**Given material:**
=-=-=

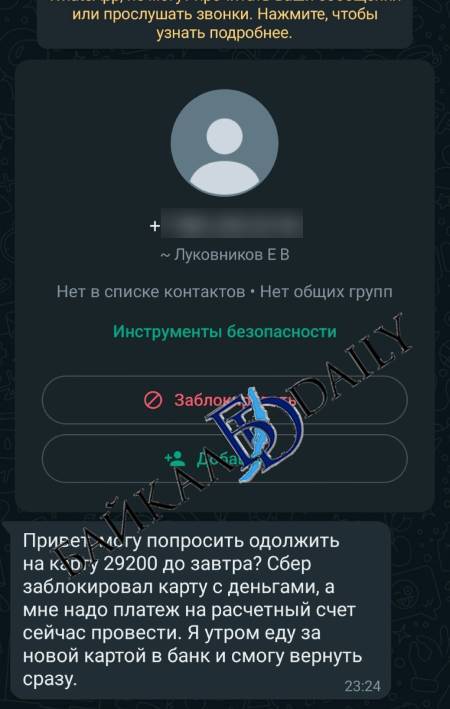 «Привет. Могу попросить одолжить до завтра 29 200? Сбер заблокировал карту с деньгами, а мне надо платёж на расчётный счёт сейчас провести. Я утром еду за новой картой в банк и смогу вернуть сразу».
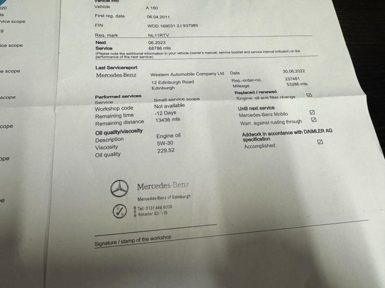 Posting for 11+ years2011 Mercedes-Benz A-Class A160 Classic SE 5dr CVT Auto HATCHBACK Petrol Automatic
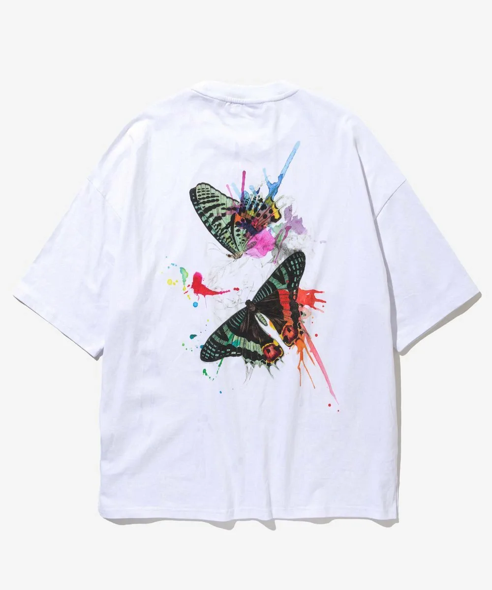 На спине — эффектный графический принт винтажного экземпляра, раскрашенный акварелью.

=-=-=

**Task details:**
The line containing "Posting for 11+" and every line after it, through the end of the material above, are to be printed exactly; no pictures belong in the output.

**Solution:**
 Posting for 11+ years2011 Mercedes-Benz A-Class A160 Classic SE 5dr CVT Auto HATCHBACK Petrol Automatic
 На спине — эффектный графический принт винтажного экземпляра, раскрашенный акварелью.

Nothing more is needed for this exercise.